David A. Sakowitz, Jeffrey Stern, Jason Osborn, Scott Landau and David Stauber of Winston & Strawn LLP are acting as legal counsels to Roadzen. Jai Pathak and Evan M. D?Amico of Gibson, Dunn & Crutcher LLP and DMD Advocates are acting as legal counsels to Vahanna. Pi Capital LLC are acting as financial advisors to Vahanna. Mizuho is acting as a financial advisor to Vahanna in connection with the merger and to receive a fee of $2.5 million pursuant to the terms of its financial advisory engagement letter with Vahanna.

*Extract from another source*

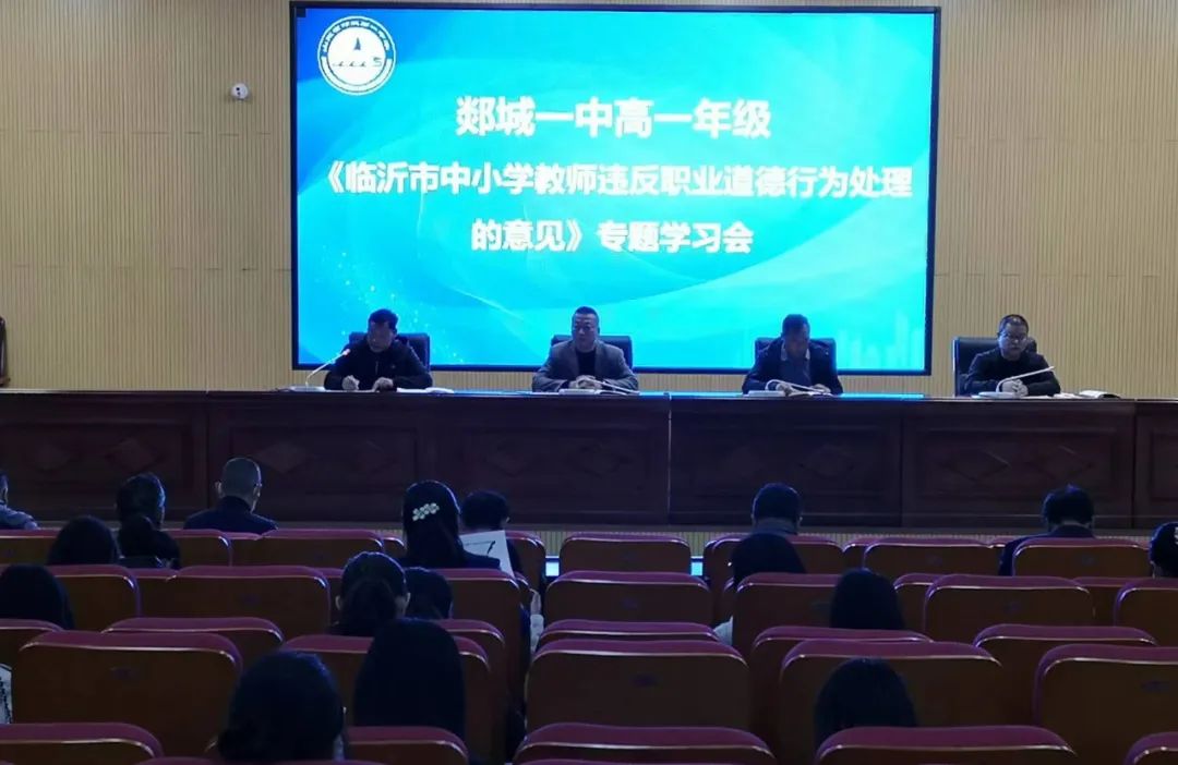 教师是立校之本,师德是教育之魂。为认真贯彻落实习近平总书记关于师德师风的重要指示精神,加强师德师风建设,规范从教行为,保障教师、学生的合法权益。10月9日,郯城一中在第二会议室举行“师德师风政策宣传月”启动仪式,学校中层正职以上领导干部参加本次会议。

Marco Polo Securities Inc. acted as financial advisor to Vahanna and entitled to receive a $2.5 million success fee upon consummation of the merger and customary expense reimbursements. Sheumack & Co. GMA, LLC acted as financial adviser and also served as fairness opinion provider to Vahanna. Vahanna has engaged Morrow Sodali, LLC to assist in the solicitation of proxies for the Extraordinary General Meeting for a fee of $30,000. Scott Landau, Jason Osborn, David Sakowitz, David Stauber and Jeffrey Stern of Winston & Strawn LLP acted as legal advisors to RoadZen.

RoadZen, lnc. acquired Vahanna Tech Edge Acquisition I Corp. (NasdaqGM:VHNA) from a group of shareholders in a reverse merger transaction on September 20, 2023.